Data shown:
──────────
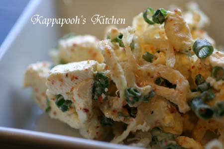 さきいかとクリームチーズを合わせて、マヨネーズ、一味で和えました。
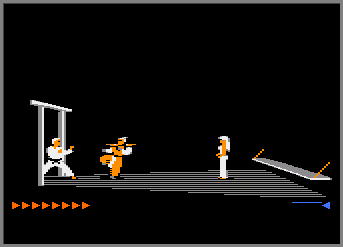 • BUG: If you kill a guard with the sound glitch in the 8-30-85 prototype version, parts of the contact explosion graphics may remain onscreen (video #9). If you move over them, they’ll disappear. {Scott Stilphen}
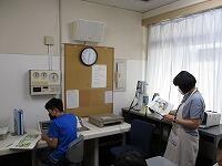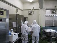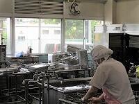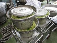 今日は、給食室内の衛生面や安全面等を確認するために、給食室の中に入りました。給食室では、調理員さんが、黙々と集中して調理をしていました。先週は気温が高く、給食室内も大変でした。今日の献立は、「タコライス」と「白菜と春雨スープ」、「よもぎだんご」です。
──────────
Work task: Give back every line of the material above word for word, leaving out the pictures.

Expected answer:
 さきいかとクリームチーズを合わせて、マヨネーズ、一味で和えました。
 • BUG: If you kill a guard with the sound glitch in the 8-30-85 prototype version, parts of the contact explosion graphics may remain onscreen (video #9). If you move over them, they’ll disappear. {Scott Stilphen}
 今日は、給食室内の衛生面や安全面等を確認するために、給食室の中に入りました。給食室では、調理員さんが、黙々と集中して調理をしていました。先週は気温が高く、給食室内も大変でした。今日の献立は、「タコライス」と「白菜と春雨スープ」、「よもぎだんご」です。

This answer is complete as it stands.